Climate change, warming oceans causing more rapid intensification in hurricanes

It took just over 24 hours for Idalia to strengthen from a Category 1 hurricane to a Category 4, before it finally lost some steam as it ran into the Florida Panhandle. The rapid intensification of hurricanes, which is being fuelled by warming oceans, is becoming a major concern.

Idalia took just over 24 hours to go from a Category 1 hurricane to a Category 4

A satellite image shows Hurricane Idalia over Florida.
Hurricane Idalia hits Florida's west coast in a composite image from the National Oceanic and Atmospheric Administration. It took just over 24 hours to strengthen from a Category 1 hurricane to a Category 4, before it finally lost some steam as it ran into the Florida Panhandle. (NOAA/Reuters)

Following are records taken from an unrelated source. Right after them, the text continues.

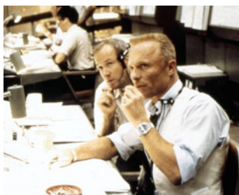
1995 APOLLO 13 (Apollo 13) de Ron Howard avec Clint Howard
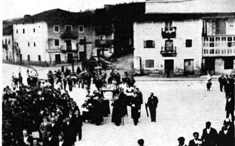
Zornotza'ko eleiz nagusia, Zelaieta'ko iturri zarra ta ibildeun bat
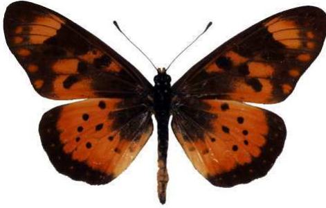
acara mâle, Chinteché - Chisasira fst (Malawi) RM.jpg acara
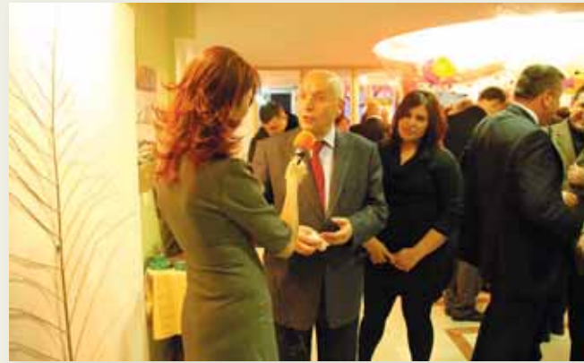
Akyurt Belediye Başkanı Sayın Gültekin Ayantaş
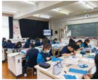
被服製作技術検定3級(1年)
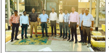
कोरबा। जिले के सुदूर वनांचल क्षेत्र में लो वोल्टेज की समस्या से निजात दिलाने के लिए विद्युत वितरण विभाग द्वारा ग्राम फरसवानी में सब स्टेशन स्थापित किया गया है।

कोरबा। जिले के सुदूर वनांचल क्षेत्र में लो वोल्टेज की समस्या से निजात दिलाने के लिए विद्युत वितरण विभाग द्वारा ग्राम फरसवानी में सब स्टेशन स्थापित किया गया है। सोमवार को सब स्टेशन को चार्ज कर दिया गया है जिससे इस क्षेत्र के लगभग दो दर्जन से अधिक गांव लाभान्वित होंगे और लो वोल्टेज की समस्या लगभग समाप्त हो जाएगी। उल्लेखनीय है कि कोरबा ग्रामीण क्षेत्र के अंतर्गत आने वाले फरसवानी व उसके आसपास के ग्रामीण क्षेत्रों में लंबे समय से लो वोल्टेज व पावर कट की समस्या थी। विद्युत वितरण विभाग के अफसर ने इस क्षेत्र की समस्या को गंभीरता से लिया था और इस क्षेत्र के ग्रामीणों को बेहतर विद्युत आपूर्ति हो सके इसके लिए फरसवानी में सब

Hurricane Idalia slammed into the area of Big Bend, Fla., early Wednesday morning as a Category 3 storm, bringing high winds, extreme storm surge and tornadoes to cities along the northern coast of the Gulf of Mexico.

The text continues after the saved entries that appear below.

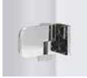
Beschlag Außenansicht Wand/Glas
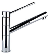
Monomando Lorenzo 8466 000
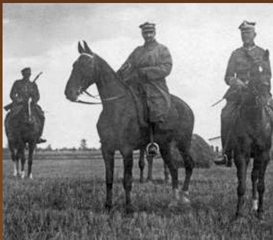
General Tadeusz Rozwadowski (szef Sztabu Generalnego Wojska Polskiego podczas Bitwy Warszawskiej w 1920 r.) w trakcie objazdu frontu pod Warszawą, sierpień 1920 r.

But what was more surprising is that it took just over 24 hours for it to strengthen from a Category 1 hurricane to a Category 4, before it finally lost some steam as it ran into the Florida Panhandle.

Hurricanes get their fuel mainly from warm ocean waters, and as more greenhouse gases are released into the atmosphere from the burning of fossil fuels, both the Earth's temperature and the sea surface temperature (SST) rise.

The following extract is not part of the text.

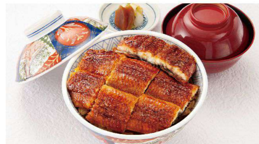
う家井 (うなぎ2/3匹 ご飯300g)
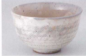
311-102-58 2,150円 粉引櫛目反井(14.5×9) 531130358

Globally, SSTs have risen to 21 C, the warmest they've been on record, and that warming extends to the Gulf of Mexico, where Hurricane Idalia formed.

Recent research has suggested that the warming oceans are causing more intensification — ramping up the strength of hurricanes — as our climate warms.

"If you think of a tropical cyclone in general, it intensifies by extracting energy from the ocean," said Karthik Balaguru, a scientist for coastal modelling at Pacific Northwest National Laboratory in Seattle.

"So in a broader kind of perspective, if the oceans are warming up more and more as the climate changes, then they will provide a more favourable environment for the storms to intensify.".

Balaguru said the temperatures in the Gulf of Mexico are 1 C to 2 C warmer than normal.

An illustration of Florida shows the sea surface temperature anomalies in the Gulf of Mexico and in the Atlantic Ocean with red indicating an anomaly of near two to three degrees Celsius.
This illustration shows the sea surface temperature anomaly in the Gulf of Mexico and the Atlantic Ocean off the coast of Florida. (CBC)

What is rapid intensification?

"Usually, tropical storms, hurricanes, increase in intensity at a relatively steady rate," said Gabriel A. Vecchi, professor of geosciences at Princeton University in New Jersey.

"Sometimes they'll stay at a certain intensity. But every now and again, they'll undergo the process, which we call rapid intensification. And that is when a hurricane jumps the equivalent of one or so intensity classes in less than 24 hours."

That's exactly what happened with Hurricane Idalia.

This graphic illustrates the intensity scale of hurricanes based on the Saffir-Simpson scale.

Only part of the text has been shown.